Ну и народец там был, ну и бомонд! Самые сливки, уверяю вас. Мужчины в смокингах или синих двубортных пиджаках, а на бабах было больше драгоценностей, чем одежды. Вся эта шикарная публика болтала, разбившись на небольшие группки. Старики развалились на диванах, более молодые трепались друг с другом, самая молодежь толпилась у буфета, но в целом я прошел скорее незамеченным. Казалось, здесь собрались все, кто в Афинах считается самыми снобами. Это были ребята типа: «Папа поменял свой «бентли», потому что пепельницы в нем уже были полны». Как говорят по этому поводу в наших кругах: «Значит, пора было».

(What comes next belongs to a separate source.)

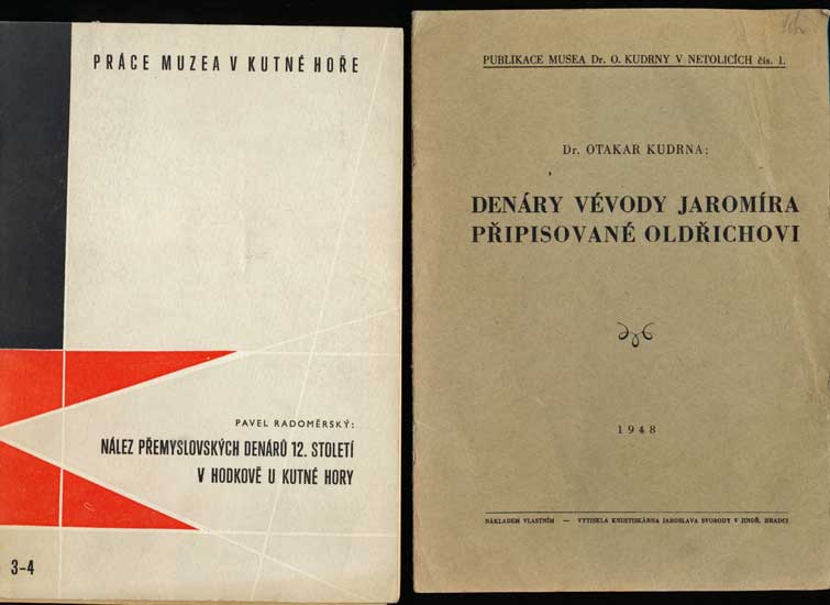 Kutné Hory 28 str. +příloha; 2/ Dtto: Příspěvek k počátkům morav ského mincovnictví vyd. Brno 1957 4 str.; 3/ Polívka Ed.: Pad ělek denárů knížete Václava vyd. Praha 1966 8 str.; 4/ Kudrna: Deníry vévody Jaromíra připisované Oldřichovi vyd. 1948 8 str. |

Я начал пробираться к буфету, желая окончательно избавиться от привкуса камеди. Не люблю, когда дворец так засаживают растениями, как будто это деревенский лес. Я показал официанту на бутылку бургундского и сделал ему знак налить мне взрослую порцию. Затем со стаканом в руке я начал слоняться по салону. Забавно, с какой легкостью можно проникнуть к людям высшего света. Чем они богаче, тем это проще. В то время как проникнуть к бедным трудно. Они открывают двери бережно, не снимая цепочки, эти люди на мели. Свои две комнаты с альковом и с уборной на лестнице они защищают яростно, как бастион... В них нет доверия, в бедных. Их слишком много эксплуатировали, надували, и они научились.

... — Оччень хорррошо, — говорила балканка, — буфет роскошный, но икра — не иранская!

— Это меня удивляет в Димитро, — отвечала другая. — Обычно он такие вещи делает как надо!

— Сейчас уже не найти хорошую домашнюю обслугу, — пожаловался я, смело приближаясь к этим ископаемым. — Эта профессия утеряна. И, однако, как она прекрасна! Как упоительно служить у людей хорошего общества! Чистить их пепельницы, протирать стекла, менять простыни, уносить грязные тарелки, чтобы заменить их чистыми!

Дамы глядели на меня, слушали и одобряли.

— Простите меня, — сказал я, изобразив смущение, — я забыл представиться: виконт Аребур де ля Фюзе-Атлас.

Старухи приняли меня с восторгом. Обычно таких развалин избегают. Теперь, когда появился кто-то, проявивший к ним интерес, они были на грани обморока. Разговорить этих двух сирен — детские игрушки. Управлять беседой в нужном для тебя направлении — тоже ничего не стоит. Достаточно к месту вставленного слова, поднятой брови, чтобы прокладывать извилистую лыжню в их болтовне. Через две минуты я уже знал Димитро Полиса так долго, что мне потребовалось бы немало страниц, чтобы передать вам все, но я резюмирую.

Итак, во-первых, узнайте, что Димитро Полис — тот крупный старик с седыми волосами, которого вы видите вон там, между его галстуком и камином. Он напоминает Франсуа Мориака, только более молодого и менее голлиста. Он обладает желтоватым цветом лица, умным взглядом, вставной челюстью ручной работы, выдающимся адамовым яблоком (говорят, он проглотил колоду карт) и почтением всех друзей. Это старый дипломат, удалившийся от дел.